На этой неделе почитаем что-нибудь коротенькое, а со следующей с новыми силами на объемное...
Вячеслав Миронов. Прости, Виктор (1/1)
Вячеслав Миронов. Прости, Виктор...
В феврале 1997 года меня вызвало командование и сообщило, что я еду в командировку в Москву. Дела служебные у меня должны были занять день, а командировка была выписана на три дня. Мужиков, с которыми я служил, встречался по службе, в Москве служило немало. Я подготовился к командировке основательно. Подарки подготовил для командиров московских - рыбка малосоленая, орешки кедровые, ягода... Для друзей своих московских тоже немного. Всем сестрам по серьгам. Позвонил, чтобы ждали. Первым в списке моих посещений, после официальной части, был Виктор Волков.
В Грозном, в январе 1995 года он был в соседней части. И когда мы пробивались на выручку остатков нашего танкового батальона, который засел в руинах республиканской больницы, наши "соседи" прикрывали нас с Севера от духов. Витя Волков был ответственным за организацию взаимодействия от своей части, а я - от своей. Вот тогда и познакомились... Когда мы выбили "чехов" от больницы, Волков заорал по станции, призывая нас на помощь своему полку. Духи обошли их с Запада и взяли в "клещи", молотили и с Севера и с Запада. Мы силами полутора батальонов помогли им вырваться. Так что обязаны жизнями друг другу,
и то, что мы слаженно сработали, спасло немало солдатских и офицерских жизней в обоих частях. Когда наступило затишье, мы познакомились поближе и выпили немало трофейного коньяка, который я добыл на коньячном заводе Грозного. Обменялись адресами. Изредка переписывались, поздравляли друг друга с праздниками, звали в гости. Виктор в 1996году поступил в Академию. Перевез семью в Москву, жил в офицерском общежитии.
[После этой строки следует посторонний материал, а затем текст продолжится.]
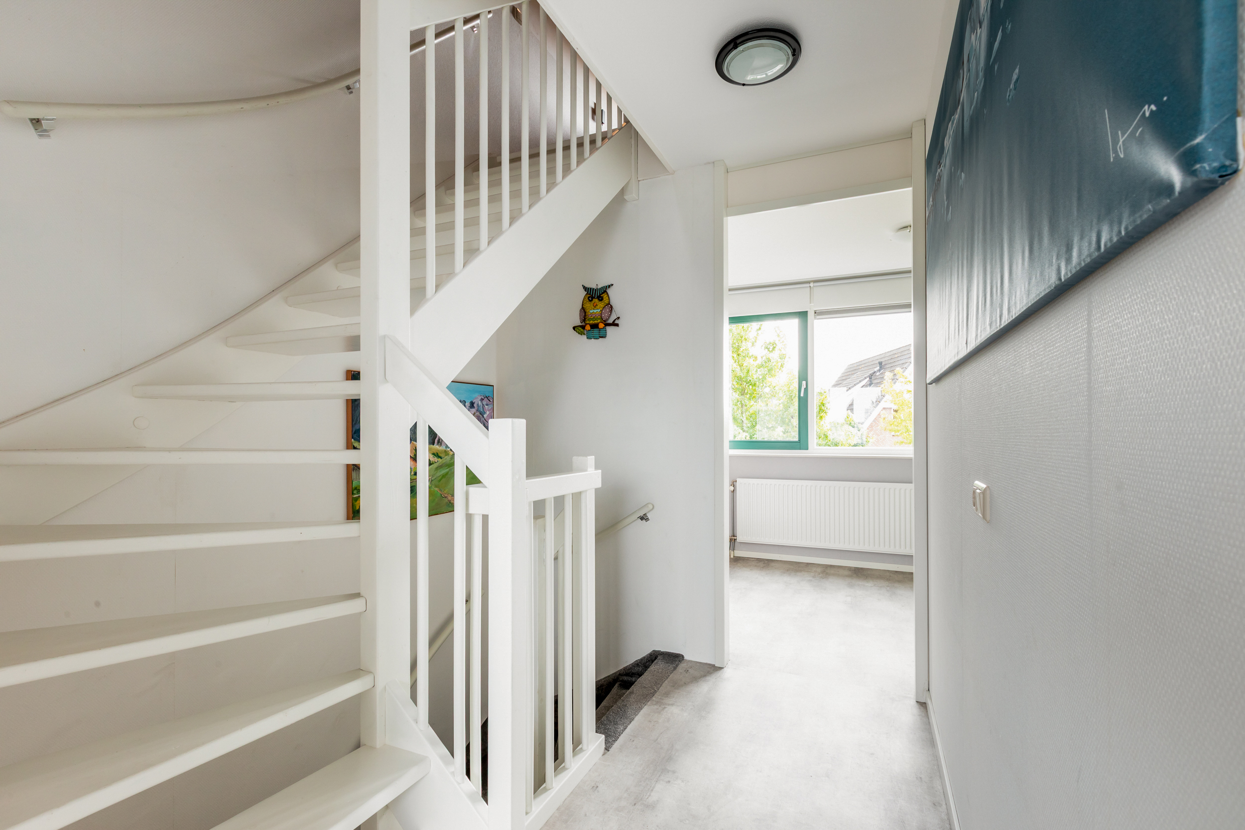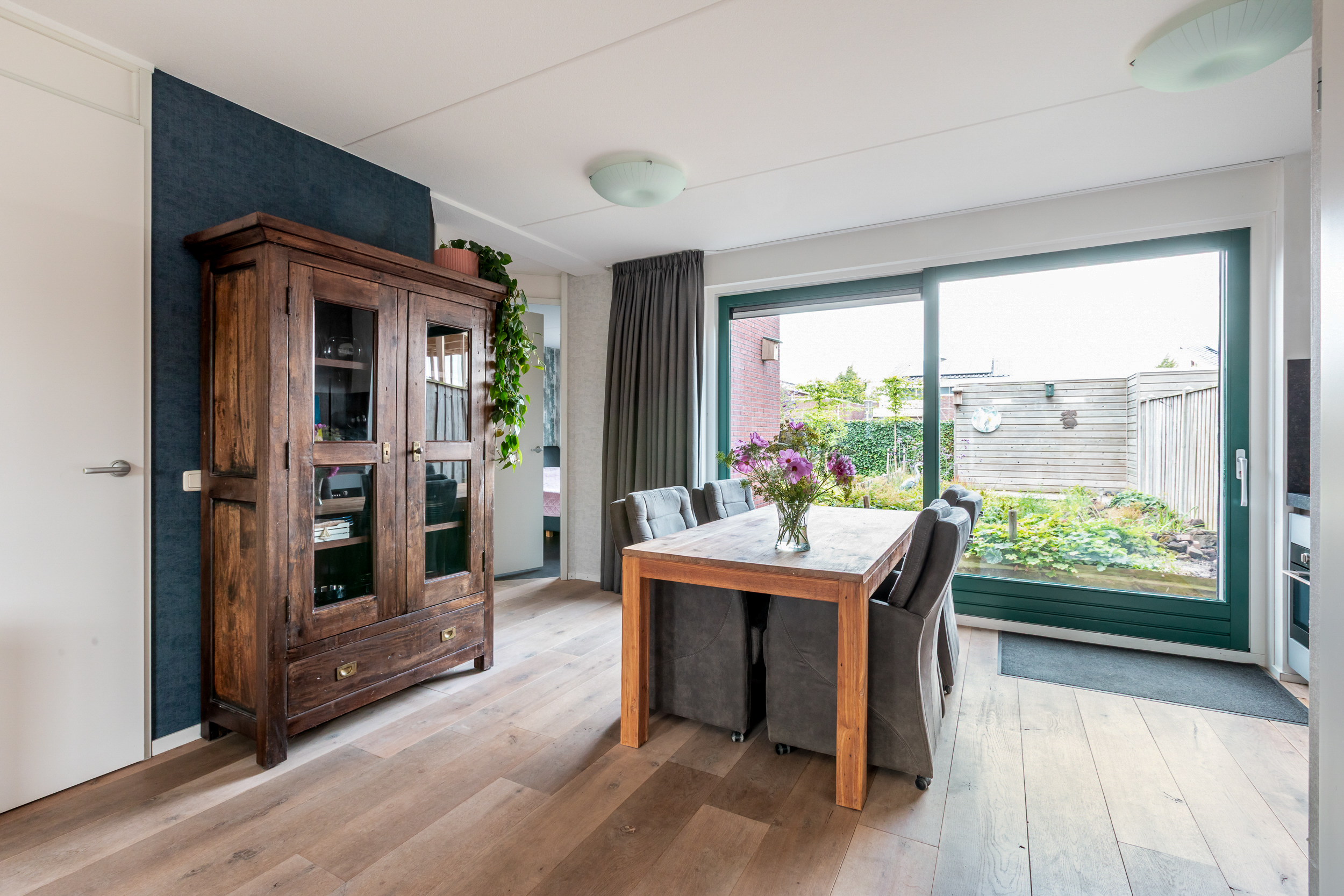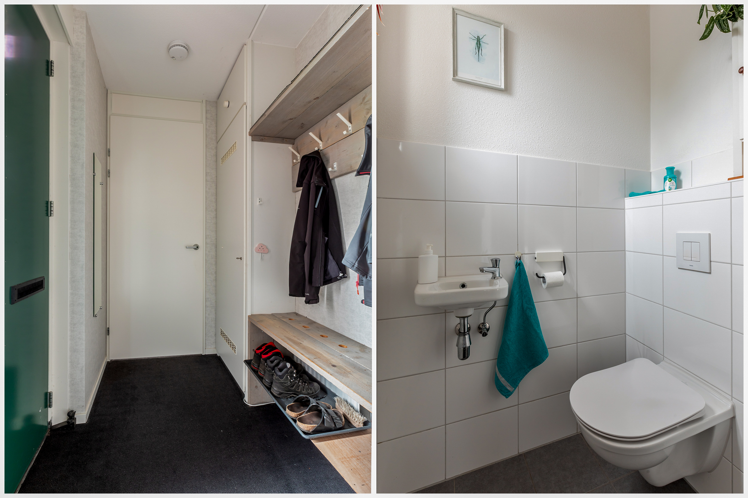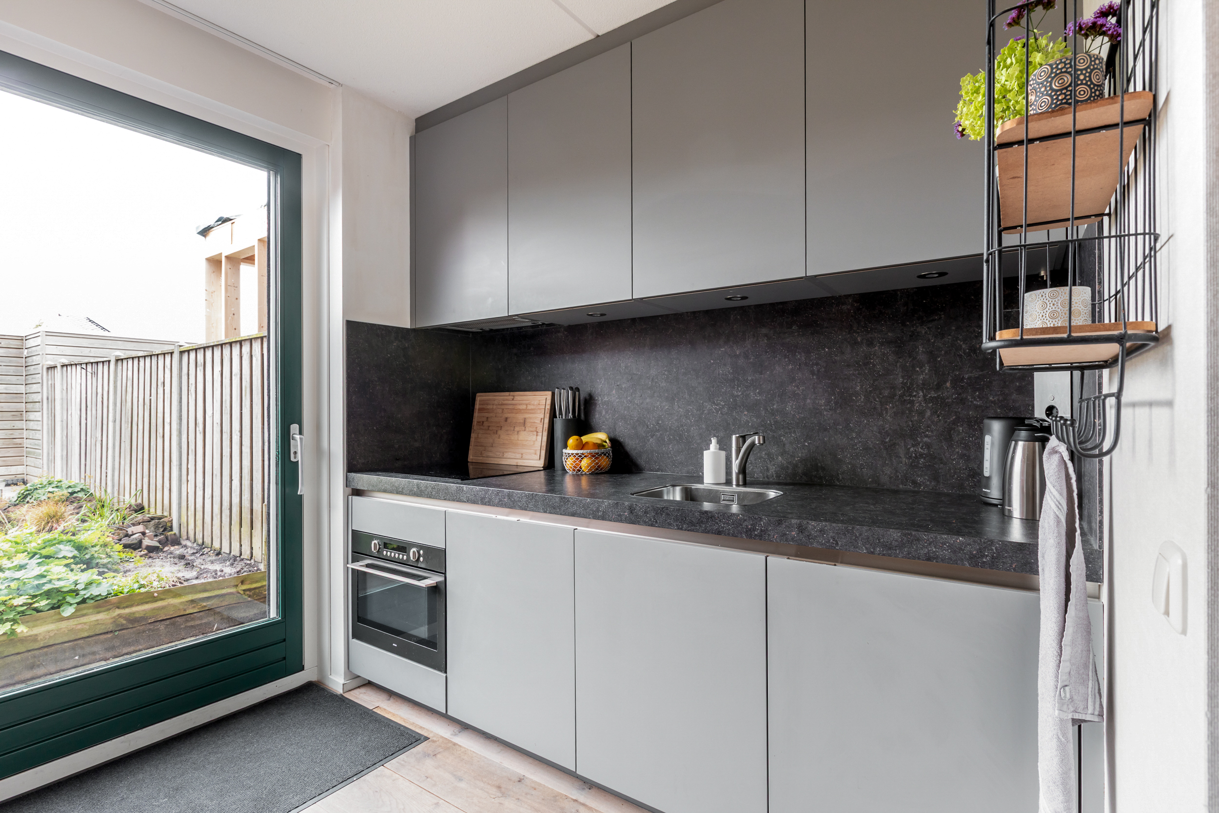 Binnenkomst in de hal met de garderobe, de meterkast, de toegang tot de woonkamer en de toiletruimte. De toiletruimte is betegeld in een rustige kleurstelling en is voorzien van een zwevend toilet en een fonteintje. Bij binnenkomst in de woonkamer is het vele daglicht en het zicht op de groen aangelegde achtertuin hetgeen dat meteen opvalt. Wat een fijne plek is dit! De zithoek is straatgericht, voorzien van ramen tot aan de grond en beschikt over een houten vloer, die tot in de eethoek en de keuken is doorgelegd. Fijne extra: er is een ruime trapkast aanwezig! De keuken is in een rechte opstelling uitgevoerd en beschikt over spotjes en inbouwapparatuur zoals een koelkast, een 4-pits inductiekookplaat, een vlakscherm afzuigkap, een vaatwasser en een combi-oven. De grote schuifpui bij de eethoek zorgt voor fijn zicht op de tuin.
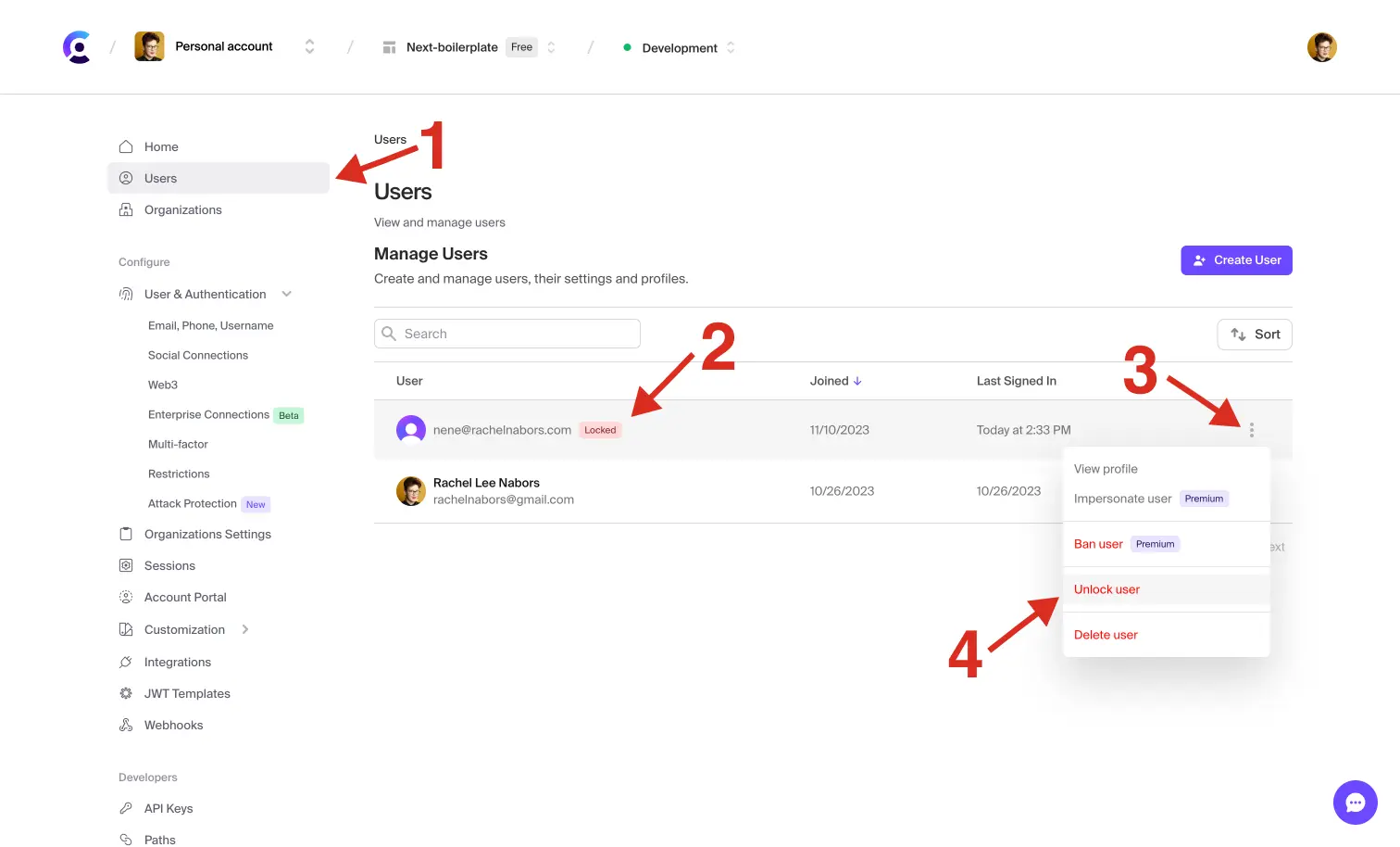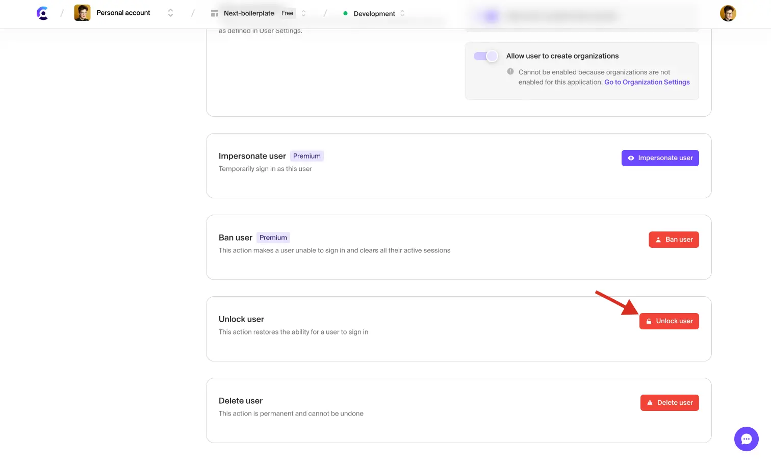 Unlock user accounts from the Clerk Dashboard

Все я это вспоминал, пока отлеживал бока на верхней полке купейного вагона фирменного поезда "Енисей" сообщением "Красноярск-Москва". Лежишь на полке и вспоминаешь то, что было. Хорошо вспоминать о войне, когда тебя мерно
укачивает вагон, и ты даже не веришь, что все это было с тобой. И ты, и ты твои товарищи смогли выстоять. В жизни вроде обычные люди, таких миллионы на Земле, а поди-ка, выжили, и выполнили поставленную задачу. Правда, потом, как оказалось, эта выполненная задача и погибшие пацаны восемнадцати-двадцати лет нахрен никому не нужны, - в августе 1996 года подписана капитуляция. Но кто же знал, что так все получится, тогда, в холодном и кровавом январе 1995 года?.. Выезжал из Красноярска в тридцатиградусный мороз, а приехал в Москву - пять градусов со знаком минус. В первопрестольной военные зимой ходят в фуражках, мода у них такая. Чтобы не выглядеть
белой вороной, шапку убираю в сумку, на голову фуражку; жаль, что не ходят в Москве в бушлатах, а лишь в шинелях да куртках, которые в Сибири только командиры частей носят, до остальных не доходят. Ну, все, Столица. Держись! Три дня пьянства, которые тебя потрясут! Я приехал! Вперед! Служебные дела я решил быстро. Подношения сделали свое дело: все подписи и печати на нужных бумагах проставлены. Отметка в командировочном удостоверении с открытой датой. Билеты куплены на послезавтра, я свободен, как ветер в поле! В гостинице помылся, побрился, и в магазин. Пару шоколадок двум сорванцам Виктора, торт, водка своя - красноярская, такой
здесь нет, так, что еще? Ага! Полбатона колбасы, пару банок рыбных консервов, чтобы не быть у студентов нахлебником. Обычное офицерское общежитие. Сам жил во многих подобных. Виктору повезло, он занимал целый блок. Две комнаты, с маленьким коридорчиком, в котором налево - кладовочка - раздевалка, направо - туалет, совмещенный с душем и ножной ванной. Там же в коридоре и кухня. Плитка электрическая, стол, полка с посудой. Левая комната - спальня и столовая, правая комната - детская. Так как у Виктора двое ребятишек, то и дали ему отдельный блок. У кого один - ютятся в одной комнате. А холостяки, или кто приехал без семьи, живут по четыре-шесть человек в таком блоке. Слово
"блок" преследует военных всю службу. Блок-пост, блок. И прочее... Дверь отрыли пацаны. Старшему - семь, младшему - четыре. Следом - Виктор. Пацаны окружили меня, младший дергал за штанину, задрав голову вверх, спрашивал: - А вы кто? А вы кто? - Дядя Слава, - представился. Раздал мальчишкам шоколадки, жене - торт. Огляделся. Казенная мебель пестрела инвентарными номерами. Как всегда, они были написаны белой краской жирно и на самом видном месте, так проще проводить инвентаризацию. Человеку непривыкшему это поначалу режет глаза,
а потом ничего, привыкаешь и не замечаешь, что они вообще есть. Я начал доставать принесенные припасы, но Виктор остановил меня. Мы вышли, и перешли в соседний блок. - Сосед - на курс старше, сейчас на каникулах, вот они с семьей и уехали, а мне ключи оставили, чтобы приглядывал, - пояснил он. Я достал привезенные три бутылки водки. Одной много, две мало, а три в самый раз, чтобы не бегать потом по ночной Москве, и не покупать самопальный товар. Разместились. Налили по первой, начали разговор. Как ты, а как ты? А этого видел, а того помнишь? Уволился? А вот этот спился, уволили с позором. Жаль, хороший мужик. Жизнь такая, после Чечни так и не пришел в себя.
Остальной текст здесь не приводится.